The outgoing president of the family division has alluded to how important it is that children and young people have access to proper mental health support as he congratulated a teenager, once at risk of taking her own life, for the progress she has made in a case which he warned could have left society with 'blood on our hands'.

Sir James Munby described his judgment, In the matter of X (A Child), as a 'very short coda' to a case in which he has handed down five judgments.

He recalled, in his sixth judgment, that X 'was a very disturbed teenager, excessively prone to self-harming behaviour, including many suicide attempts'. In August 2017 she was transferred, in accordance with section 47 of the Mental Health Act 1983, 'from the wholly unsuitable secure accommodation' in which she was previously detained under a detention and training order imposed by the Youth Court to the clinical setting of an adolescent low-secure unit 'which she so desperately needed'.

The case made national headlines last year when Munby warned that 'the system, society and the state ...will have blood on our hands' if a 'supportive and safe' placement could not be found for X when she was released from youth custody.
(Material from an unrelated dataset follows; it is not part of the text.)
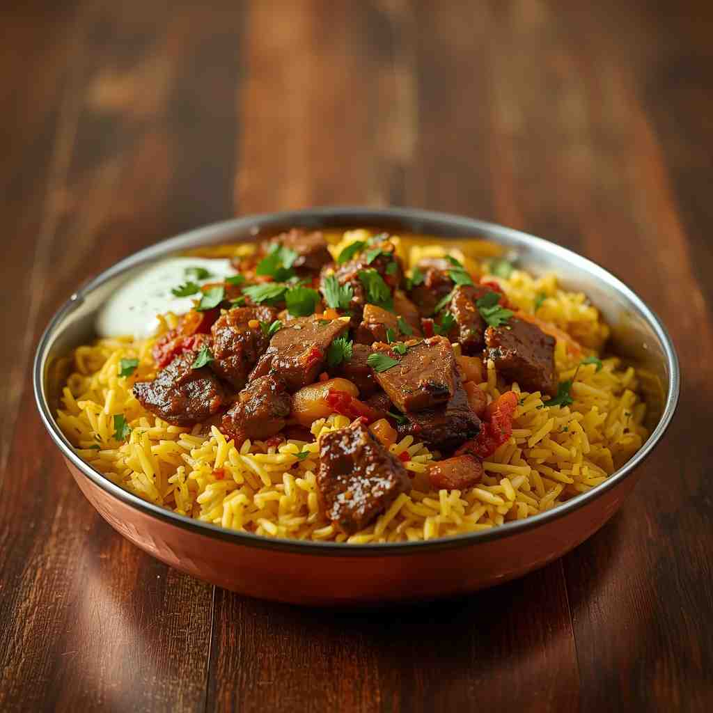 - Layer Biryani: Layer rice and beef, sprinkle herbs, saffron milk.

Munby said counsel for the local authority, Michael Jones, had kept him informed of developments. In January, Jones said X's progress had been, on the whole, very positive. She was formally discharged from the secure unit the following month and returned home. Professionals and X's mum reported that she was 'happy, calm and settled' and 'like the old X'. Jones said: 'Given the situation the court faced last year...it is fair to say that her progress, having accessed the treatment she so desperately needed, has been nothing short of phenomenal.'

Munby said comment was 'superfluous' but congratulated X on her achievement and wished her 'the very best for the future'. He concluded: 'I cannot help wondering where X would be today if she had not, in the nick of time, received the appropriate clinical assistance she so desperately needed. That said, I leave it to others to ponder the moral of this story.'

Munby will step down as family division president in July.